The US court has imposed a $30 million civil monetary penalty on BitMEX co-founders Arthur Hayes, Benjamin Delo, and Samuel Reed, the US Commodity Futures Trading Commission has announced.
Each of the co-founders of the crypto derivatives trading platform is required to pay a $10 million fine.
CFTC Chairman Rostin Behnam, said:
As digital asset markets grow globally, the Commission continues to actively use its existing enforcement authority in the digital asset commodity space to protect customers and ensure these emerging markets are free from fraud and manipulation. This is another example of the Commission taking decisive action where appropriate to ensure that digital asset derivatives trading platforms comply with the Commodity Exchange Act and Commission regulations.
The CFTC filed a complaint on 1 October 2020 against the BitMEX trading platform and its co-founders for operating the business from the US without any license.
The crypto exchange offered services to US residents without approval from CFTC to operate as a Designated Contract Market (DCM) or a Swap Execution Facility (SEF). The company also operated as a Futures Commission Merchant (FCM) without registration. Moreover, it failed to implement customer information program (CIP) and know-your-customer (KYC ) procedures, as well as with anti-money laundering (AML) measures.

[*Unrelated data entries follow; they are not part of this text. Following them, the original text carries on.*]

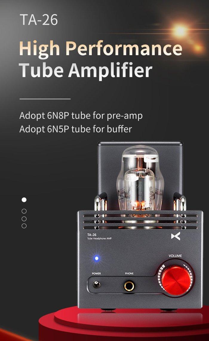 Latest tube amplifier from xDuoo, TA-26. This 500mW tube amplifier is minimal with simple RCA ins and outs, a volume knob, and a single-ended output to experience that classic tube sound.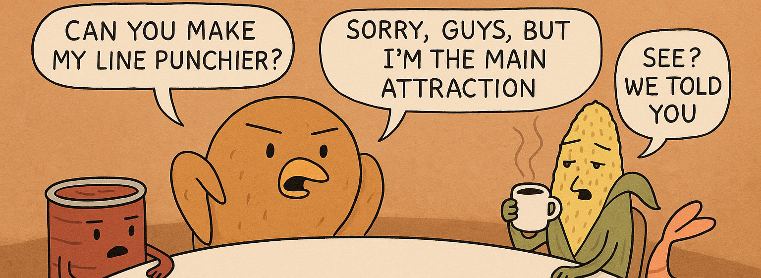 I knew I was in trouble when the cranberry sauce started giving creative feedback at the table. “Can you make my line punchier but more customer-centric? Some people like me in the can, but I can also be homema—”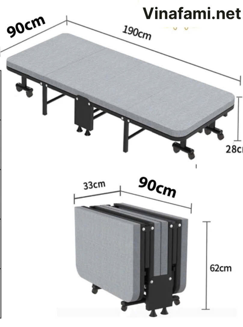 – Riêng giường gấp xanh có bánh xe di chuyển dễ dàng

BitMex already settled with the regulator earlier last year and agreed to pay a $100 million penalty.
The CFTC also filed criminal charges against the exchange’s co-founders with the three of them pleading guilty.
Acting Director of Enforcement Gretchen Lowe added:
Individuals who control cryptocurrency derivatives trading platforms conducting business in the U.S. must ensure that their platform complies with applicable federal commodities laws, including CFTC registration and regulatory requirements such as Know-Your-Customer and Anti-Money Laundering regulations.